My question is whether we want to do something about this (create redirects). I would like to dump the huge list of article titles we don't have onto some page in the Wikipedia namespace, and have our bulk of volunteers work through them and create redirects to the relevant pages, or mark some as "we *really* don't have something about this topic" if applicable.
Would such an effort be warranted?
Tools that give us an idea of things that still need to be done are almost always helpful. Creating a long series of redirects, however, does not seem helpful. It would be better to leave them alone fo people who are looking for something to work on. Undoubtedly, as when we have simply used a different title or title format, a redirect will be the appropriate course of action, but these decisions should all be on a one-by-one, hands-on basis.
Ec
Ray Saintonge wrote:
Timwi wrote:
Hi.
Yesterday I did this little comparison that Jimmy Wales asked me to do, to see how large our encyclopedia would be if we covered the same topics as Columbia.
Among other things, the result revealed that about half of their article titles do not have corresponding titles on Wikipedia.
My question is whether we want to do something about this (create redirects). I would like to dump the huge list of article titles we don't have onto some page in the Wikipedia namespace, and have our bulk of volunteers work through them and create redirects to the relevant pages, or mark some as "we *really* don't have something about this topic" if applicable.

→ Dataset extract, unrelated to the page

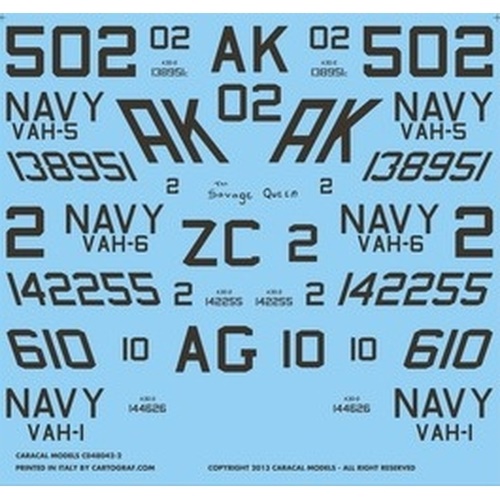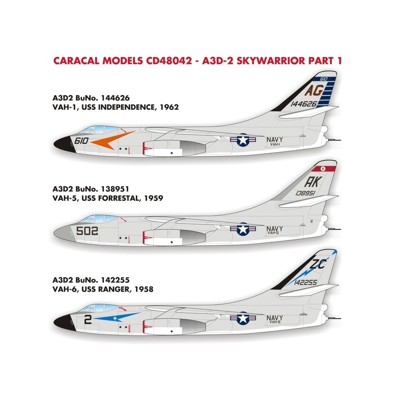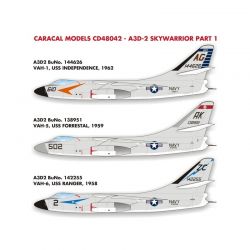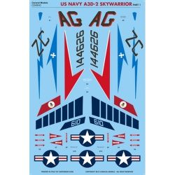 このセットはアメリカ海軍が運用していた大型の艦上攻撃機、ダグラスA3D-2スカイウォーリアのマーキングを収録しています。長く運用されたスカイウォーリアの初期の時代の中から3つの異なる飛行隊のマーキングをセレクト。また、基本的なステンシルや主翼のウォークウェイのマーキングなどは1機分を用意。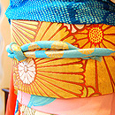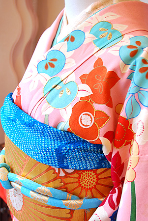 朱赤と金、銀にて織り出された豪華な丸帯を。

Would such an effort be warranted?
Tools that give us an idea of things that still need to be done are almost always helpful. Creating a long series of redirects, however, does not seem helpful. It would be better to leave them alone fo people who are looking for something to work on. Undoubtedly, as when we have simply used a different title or title format, a redirect will be the appropriate course of action, but these decisions should all be on a one-by-one, hands-on basis.

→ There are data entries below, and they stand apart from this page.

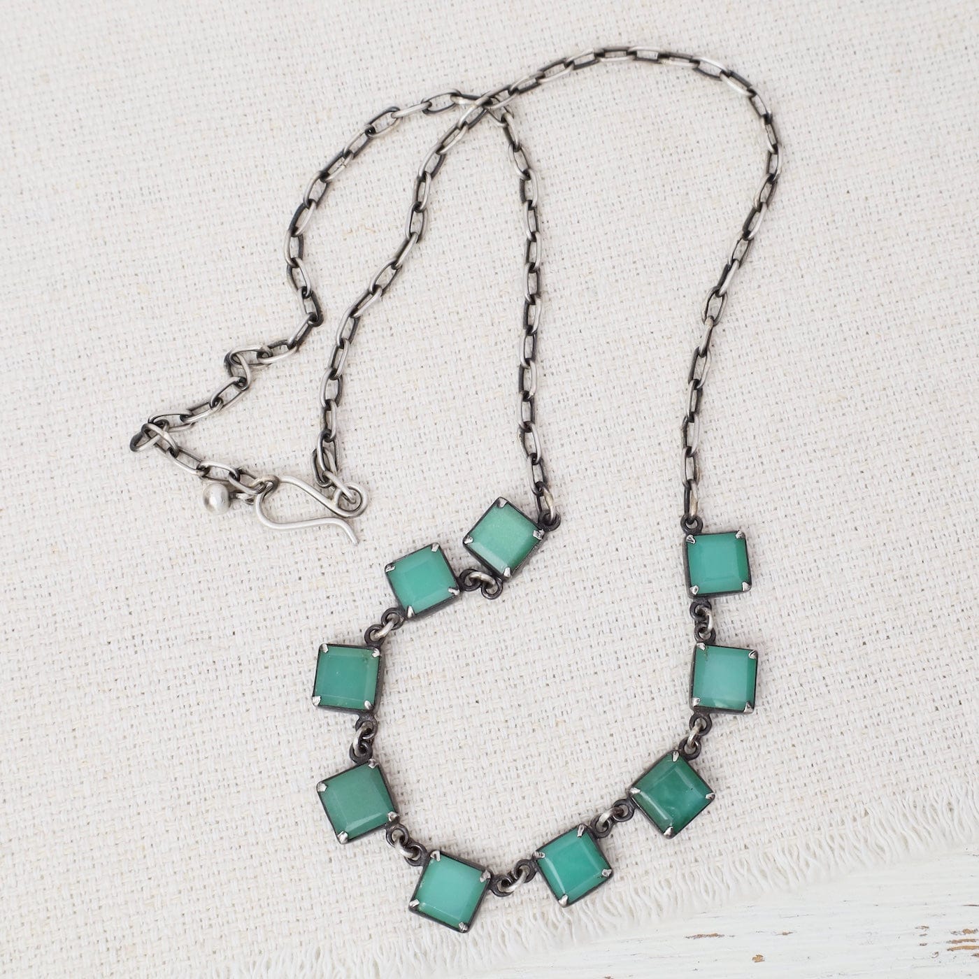 Faceted square chrysoprase gemstones are hand-set in oxidized sterling silver and linked together for a luminous, vintage-inspired look. The adjustable length makes it perfect for layering or wearing solo.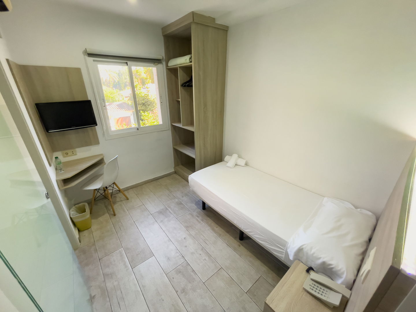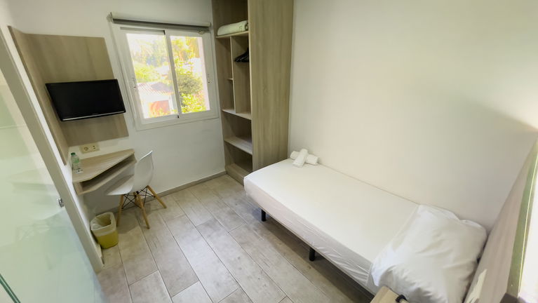 Dispone de una superficie de 10 m² optimizada al detalle para que no falte nada. Cuenta con una cama individual de 90 x 190 cm, aire acondicionado, conexión Wi-Fi gratuita, escritorio, televisión de pantalla plana y baño privado completo. Es una habitación luminosa, silenciosa y pensada para que disfrutes de privacidad y confort en un entorno relajado.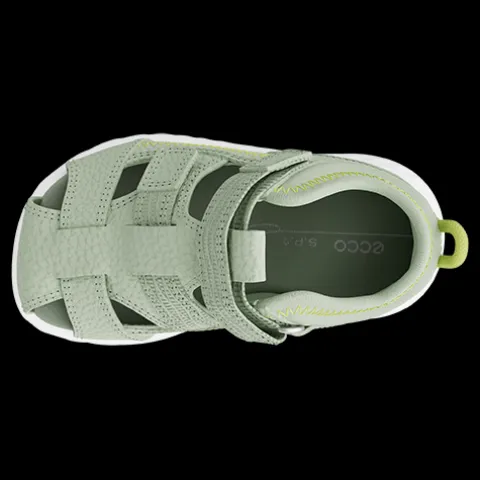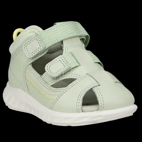 Superfin Infant sandal med lukket tå og hælkappe for ekstra beskyttelse. Overdelen er af glat skind med polstret tekstil i åbningen samt en trækfane på hælen. Sandalen lukkes med to velcroremme over forfoden. Den åndbare skindindersål er komfortabel, og ydersålen er stødabsorberende.

The comma-separated names like "Agualho, Cape", have one valuable property; they sort correctly in a list of all articles. This will be a key step in producing a print version, and it's not always possible to algorithmically determine the right sort key. (Meta-info could do this too, but it's not been implemented.)
Stan
Stan Shebs wrote:
The comma-separated names like "Agualho, Cape", have one valuable property; they sort correctly in a list of all articles. This will be a key step in producing a print version, and it's not always possible to algorithmically determine the right sort key. (Meta-info could do this too, but it's not been implemented.)
The rule: "Wikipedia is not paper" has been very helpful for us as an electronic encyclopedia. For the paper product we may need to look at alternate ways to present material that are more like the almanacs that are produced each year than encyclopedias. Our year pages alone could fill 500 printed pages, and cannot be alphabetized.